Supplied entries:

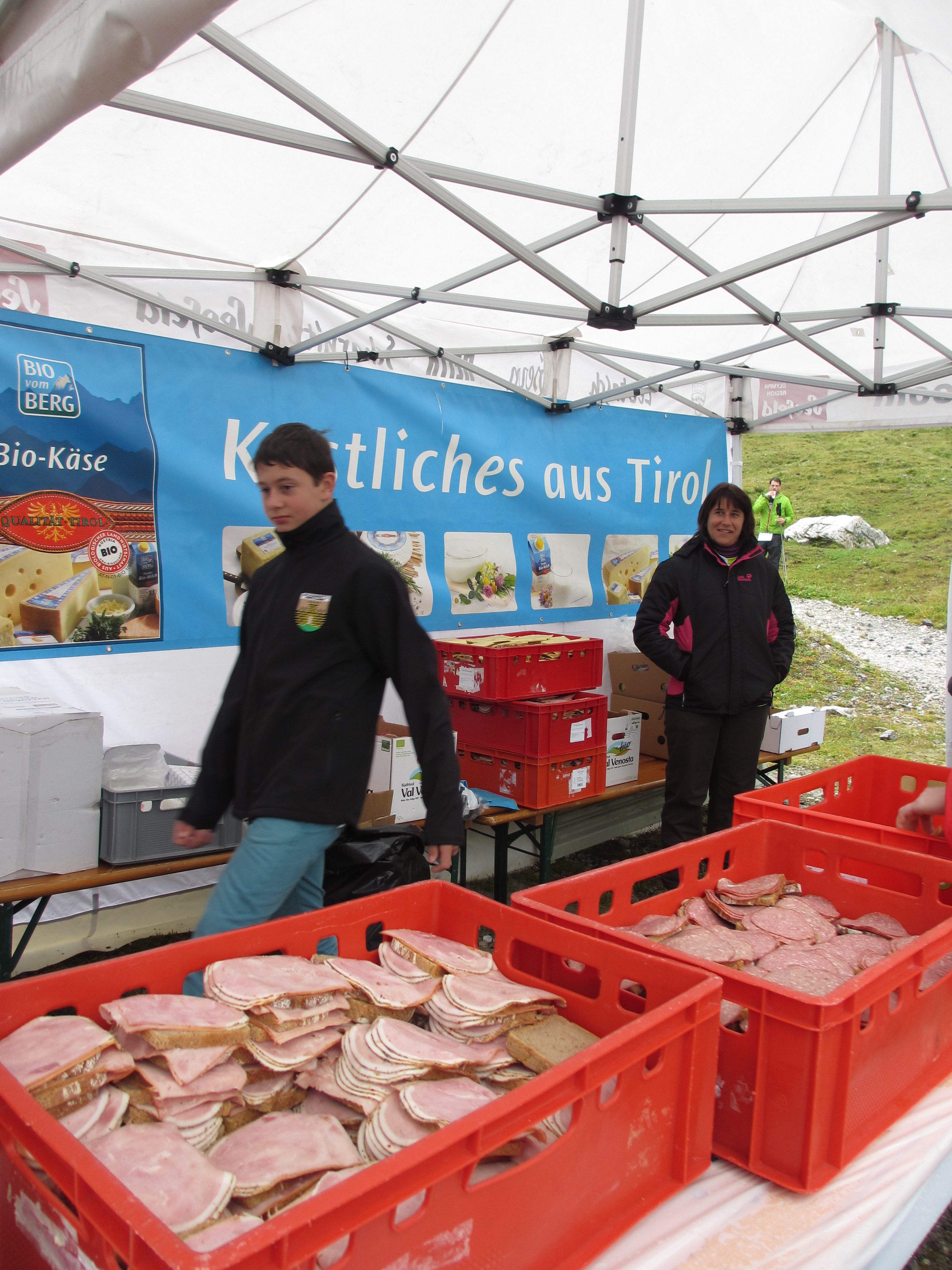 Während wir uns dann die Serpentinen zum Karwendelhaus hochschraubten, obwohl ein Stein sogar bergauf schneller rollen würde als ich gehe, kamen die Berge immer näher und wurden klarer. Mein Hunger hatte wohl angefangen Teile von meinem Hirn zu verdauen, denn in meinem Kopf hörte ich nur noch Wikinger Musik. Bis zum ersten „richtigen“ Verpflegungsstand. Mit WURSTBROTEN UND KARTOFFELSUPPE und KÄSEBROTEN! Ach war das toll. Futtern ohne Ende, Trinken soweit es ging und unglaublich motivierende Kommentare einstecken:
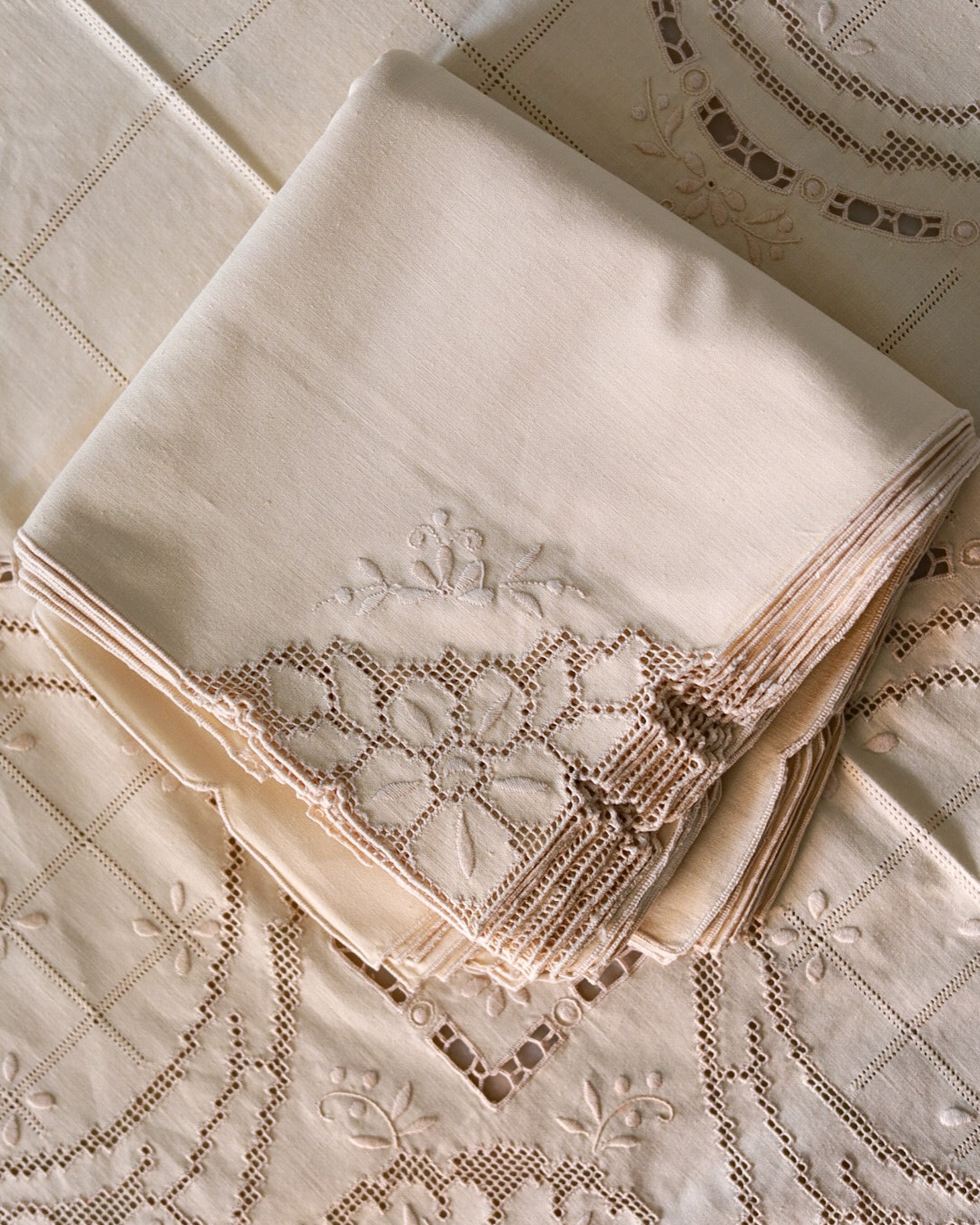 Tovaglia in lino avorio sfilato siciliano con 12 tovaglioli
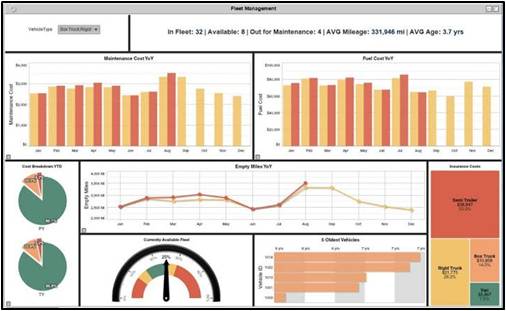 Dashboards: a standalone visual that can be used as an application. They occupy a larger space or full screen. The data in the dashboards primarily consist of metrics, key performance indicators (KPIs) and textual information. A well-designed dashboard allows decision makers to see the most relevant data that reflect business status and support decisions. It is a highly summarized and centralized snapshot that saves a user’s time by eliminating the need to run multiple reports or get data from different sources. Dashboards has been expanded to 3 different types:
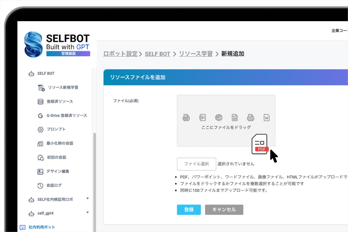 既存のドキュメントファイル(Word、Excel、PDFなど)や、WebページのURLをアップロードするだけで、社内データと連携したAIチャットボットを構築。従来のチャットボットと比べ、圧倒的にスピーディな導入が可能です。
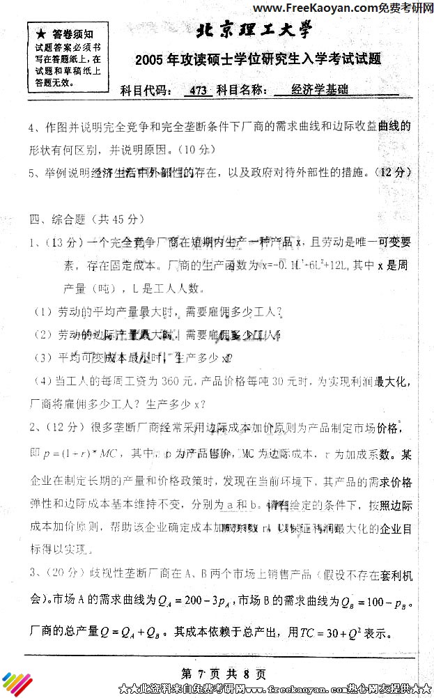 北京理工大学2005年考研真题-经济学基础(7)
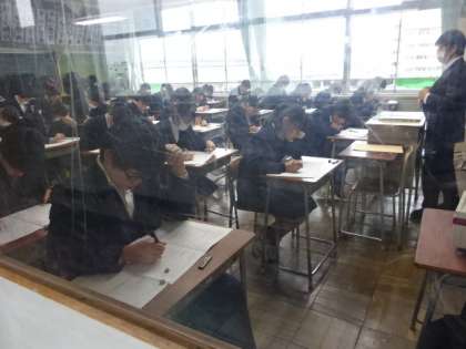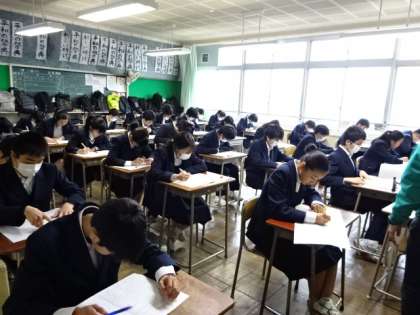 今日は学年末考査2日目です。英語の試験中です。頑張っています。2年生。
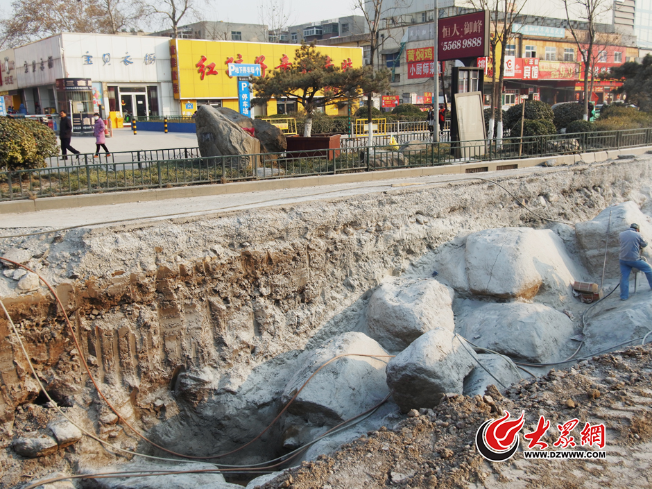 近日,有不少市民質疑濟南濟濼路大修為何要對狗屎山山體進行破拆?12月8日下午,大眾網記者在濟南動物園對面馬路東邊的綠化帶看到,有一座高一米多、寬三四米的小石頭山,附近的市民介紹,這里就是狗屎山。記者在施工現場看到,在緊挨著狗屎山的一側馬路上,路面被挖開一道巨大的深坑,寬十幾米,綿延數公里。而就在緊挨狗屎山的深坑處,數組巨大的山石靜立其中,最高者達三四米,連連綿近十米。圖為工人對狗屎山進行破拆。
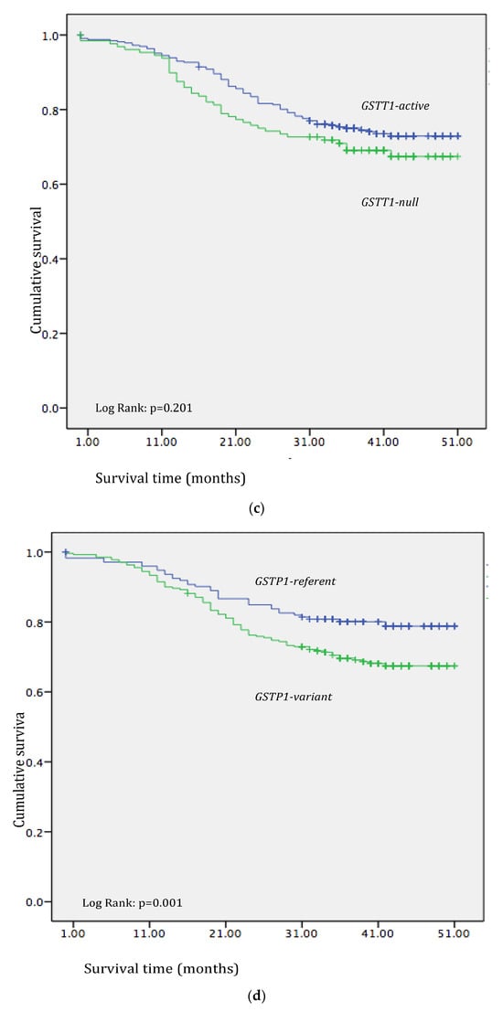 Kaplan–Meier analysis showed statistically significantly shorter overall survival in individuals with the GSTM1-null genotype when compared to carriers of the GSTM1-active genotype (log-rank: p = 0.001, Figure 1b). Additionally, the Kaplan–Meier analysis showed statistically significant shorter overall survival in carriers of the GSTP1 IleVal+ValVal (variant) genotype in comparison to individuals with the GSTP1 IleIle (referent) genotype (log-rank: p = 0.001, Figure 1d). However, no statistically significant effect of either GSTA1 or GSTT1 polymorphisms was observed in terms of overall survival (Figure 1a,c) in CRC patients (p > 0.05).

Try it: Beginning with the line above that contains "Tovaglia in lino" and finishing with the line that contains "今日は学年末考査2日目です。英語の試験中です。頑張っています。2年生。", print those lines exactly and only. Skip all pictures.

Result below:
 Tovaglia in lino avorio sfilato siciliano con 12 tovaglioli
 Dashboards: a standalone visual that can be used as an application. They occupy a larger space or full screen. The data in the dashboards primarily consist of metrics, key performance indicators (KPIs) and textual information. A well-designed dashboard allows decision makers to see the most relevant data that reflect business status and support decisions. It is a highly summarized and centralized snapshot that saves a user’s time by eliminating the need to run multiple reports or get data from different sources. Dashboards has been expanded to 3 different types:
 既存のドキュメントファイル(Word、Excel、PDFなど)や、WebページのURLをアップロードするだけで、社内データと連携したAIチャットボットを構築。従来のチャットボットと比べ、圧倒的にスピーディな導入が可能です。
 北京理工大学2005年考研真题-经济学基础(7)
 今日は学年末考査2日目です。英語の試験中です。頑張っています。2年生。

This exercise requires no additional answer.